Hold on for one minute, just stop and look at all the facts, said Jason Larsen, ICS principal at IOactive during a session at S4x20 in Miami. He pointed that out when he gave a presentation saying it took him 14 hours to weaponize an attack on the grid — and he is not a nation state.
“In a fairly skilled attack, this is the time it would take,” Larsen said. “All things being equal, it would take about three weeks to create an attack similar to the Ukraine.”
As it turns out, Larsen was hired by an electric power utility to prove how long it could take to pull off an exploit chain and create an attack.
Those 14 hours involved analyzing an Ethernet-to-Serial gateway, finding exploitable bugs, writing exploits for those bugs, and constructing an implant that would manipulate some points during a later part of the engagement, he said.
In terms of the 2015 Ukraine attack, “We look at an advanced persistent threat (APT) as a super adversary with superior skills. We are viewing them with mystical powers,” Larsen said. “They didn’t have any advanced skills.”
While the group in the attacks against the Ukraine may have advanced skills, when you look at the actual attacks, they were not super sophisticated, so anyone could have pulled them off.
“This was totally doable by an individual,” Larsen said.
In incidents like the two separate attacks against the Ukraine power grid, the systems may not have been hardened enough to fend off an attack.
In any event, the types of attacks that show any kind of details are ones used as political statements, like Ukraine and Stuxnet, where an Iranian nuclear facility ended up falling under attack by the U.S. and Israel in an effort to slow down or stop the country’s nuclear enrichment program.

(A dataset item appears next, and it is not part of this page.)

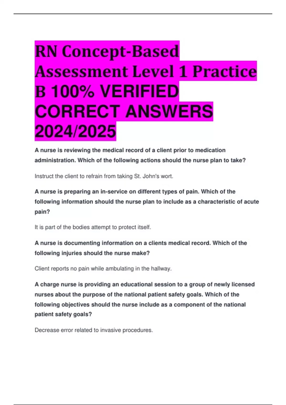 BEST REVIEW RN Concept-Based Assessment Level 1 Practice B 100% VERIFIED CORRECT ANSWERS 2024/2025

In a non-political incident, when there is a cyber attack, the attackers always look to clean up the system after the attack occurs to erase their presence.
“The clean-up phase is to make people think it was a system hiccup,” Larsen said. So, if there is a slight blip in the system and it appears nothing is there, operators can just “blame it on the process. But if it is a cyber incident, you don’t get a second bite at the apple.”
Larsen added there was no clean-up on Stuxnet and Ukraine. “These were political statement attacks.”
In explaining the Ukraine attacks Larsen said the bad guys were learning as they went along.
“The first Ukraine attack had a denial of service, but they didn’t know the system,” he said. “The team was skilled in information technology (IT) hacking, but not skilled in ICS. The second Ukraine attack, they were more knowledgeable. They progressed and they were talking a bit better.”
But they were still not literate in the ICS control environment.
Related to not being literate, Larsen said there are two payloads when it comes to an attack, the physics payload and the cyber payload.
“Neither Ukraine attack showed they had any knowledge of the physics payload,” he said. “It was super sexy to report it was an APT, but they didn’t have competence in ICS control.”
That leads Larsen to say more security professionals need to spend time working on and developing the basics. Because, if it only took him 14 hours to create an attack, others can do the same thing.
“Some dude in the basement could have written the exploit,” Larsen said.
Don’t fall for the hype of a reported attack. Understand what it is and know if you have the basics down, you can prevent an attack from occurring.